TORONTO — U.S. President Donald Trump will arrive Sunday for a Group of Seven summit in a country he has suggested should be annexed and as he wages a trade war with America's longstanding allies.
Trump's calls to make Canada the 51st U.S. state have infuriated Canadians, and Prime Minister Mark Carney, who won his office by pledging to confront the U.S. president's increased aggression, now hosts the G7 summit.
Carney asserted this week that Washington no longer plays a predominant role on the world stage, imposing tariffs for access to its markets and reducing its contributions to collective security.
Carney has decided to abandon the annual practice of issuing a lengthy joint statement, or communiqué, at the summit's conclusion as French President Emmanuel Macron did at the G7 summit in France in 2019.
The document typically outlines the consensus reached by leaders on summit issues and provides a roadmap for how they plan to tackle them.

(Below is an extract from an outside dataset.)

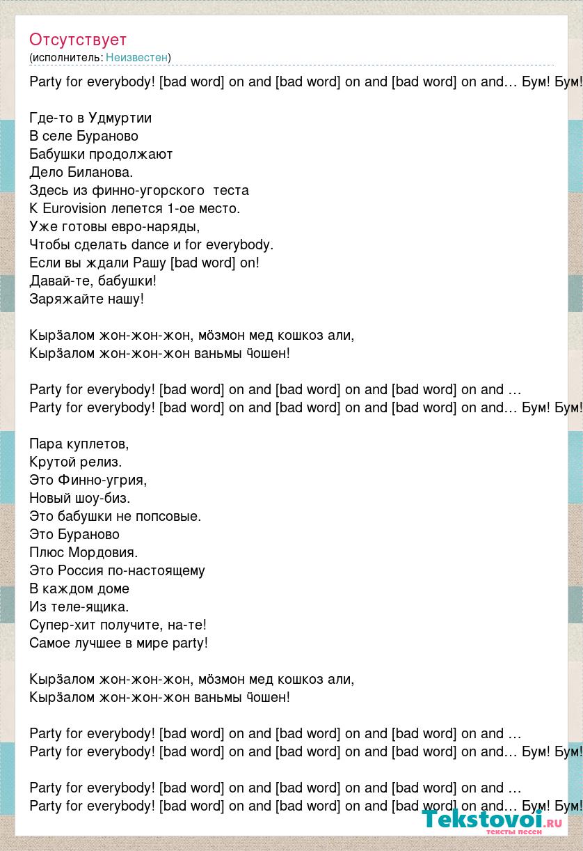 Party for everybody! Dance! Come on and dance! Come on and dance! Come on and… Бум! Бум! Где-то в Удмуртии В селе Бураново Бабушки продолжают Дело Биланова. Здесь из финно-угорского теста К Eurovision лепется 1-ое место. Уже готовы евро-наряды, Чтобы сделать dance и for everybody. Если вы ждали Рашу - come on! Давай-те, бабушки! Заряжайте нашу! Кырӟалом жон-жон-жон, мӧзмон мед кошкоз али, Кырӟалом жон-жон-жон ваньмы ӵошен! Party for everybody! Dance! Come on and dance! Come on and dance! Come on and … Party for everybody! Dance! Come on and dance! Come on and dance! Come on and… Бум! Бум! Пара куплетов, Крутой релиз. Это Финно-угрия, Новый шоу-биз. Это бабушки не попсовые. Это Бураново Плюс Мордовия. Это Россия по-настоящему В каждом доме Из теле-ящика. Супер-хит получите, на-те! Самое лучшее в мире party! Кырӟалом жон-жон-жон, мӧзмон мед кошкоз али, Кырӟалом жон-жон-жон ваньмы ӵошен! Party for everybody! Dance! Come on and dance! Come on and dance! Come on and … Party for everybody! Dance! Come on and dance! Come on and dance! Come on and… Бум! Бум! Party for everybody! Dance! Come on and dance! Come on and dance! Come on and … Party for everybody! Dance! Come on and dance! Come on and dance! Come on and… Бум! Бум!
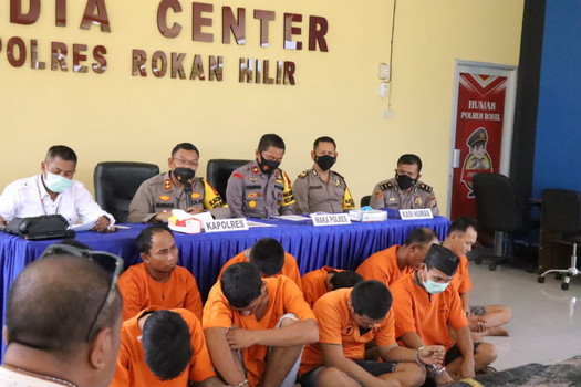 BNEWS - Aparat Polres Rokan Hilir (Rohil) berhasil menangkap 16 orang tersangka pencurian kabel power line atau tembaga dan karpet geomembrane milik PT Pertamina Hulu Rokan (PHR), dari dua lokasi, yakni Kepenghuluan Sintong dan Balam dalam waktu 5 bulan terakhir.

Trump roiled the 2017 meeting in Italy over the climate change passage in that summit's final statement. He then withdrew his support from the 2018 communiqué after complaining he had been slighted by then Canadian Prime Minister Justin Trudeau, the host that year.
The leaders of the world's richest countries begin arriving Sunday in the resort town of Kananaskis, Alberta in the Canadian Rockies.